Quite the day of firsts, wasn't it? 

:yay


----------



## Catching Fire (Apr 23, 2009)

Way to go! I just got mine about a week ago. It's a great feeling.


----------



## TallBoy (Jul 23, 2009)

Way to go! First of many!


----------



## tigerlilly (Mar 30, 2009)

congratulations 

/jealous


----------



## lastofthekews (May 11, 2009)

Good going, and welcome to the forums


----------



## Some Russian Guy (Mar 20, 2009)

yay!


----------



## shadowmask (Jun 22, 2009)

BWest said:


> It only took me 20 years, but I got my first kiss \ o /
> 
> Oh, and this is my first post so hello everybody.

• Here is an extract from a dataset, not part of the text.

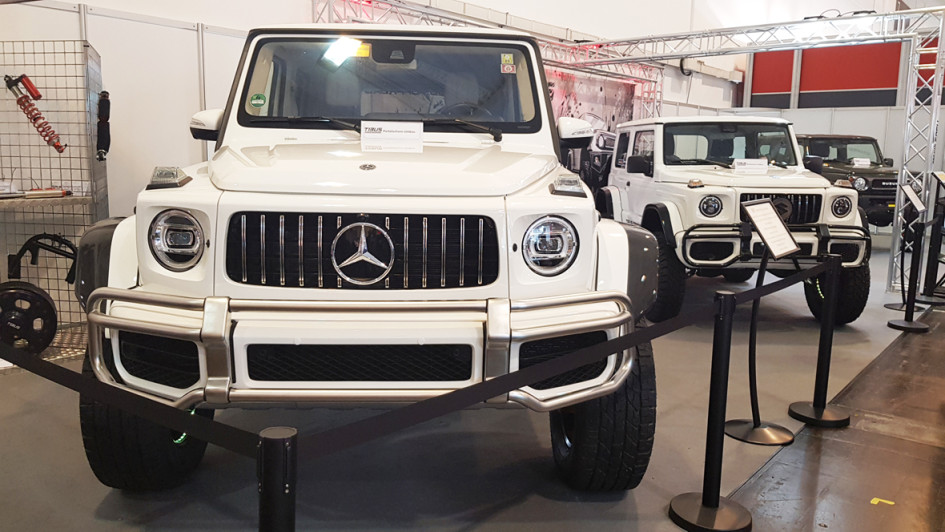 von 12: "Liebling, ich habe die G-Klasse geschrumpft" - unter diesem Motto könnte der Messeauftritt von Tibus gestanden haben. Die Offroad-Spezialisten zeigten eine höhergelegte G-Klasse (vorne) und gleich daneben den kleineren Bruder, einen Suzuki Jimny. Angesichts der gleichen Farbe, der Portalachsen und der Verbreiterungen waren sich die beiden Offroader zum Verwechseln ähnlich. Nur die Größe machte den Unterschied.

Congrats! Hopefully there's plenty more where that came from.


----------



## DeeperUnderstanding (May 19, 2007)

Congratulations!


----------



## Recusant (May 4, 2009)

congrats bro, im 22 and did the same a month ago


----------



## Gary (Oct 19, 2008)

I had my first kiss at 20 too, then few days after the 2nd with another girl, then it took me 2 more years to get my 3rd kiss, the last 2 months have been makeout after makeout non-stop


----------



## leonardess (Jun 30, 2009)

congrats! well done - and welcome.


----------



## TheDaffodil (Jun 20, 2009)

Welcome!
That's awesome! I hope it was wonderful.


----------



## caflme (Jun 7, 2009)

Totally awesome


----------



## odicepaul (Jul 20, 2009)

:teethThe first is allways the best, but keep your head up anyway cause the rest is yet to come.


----------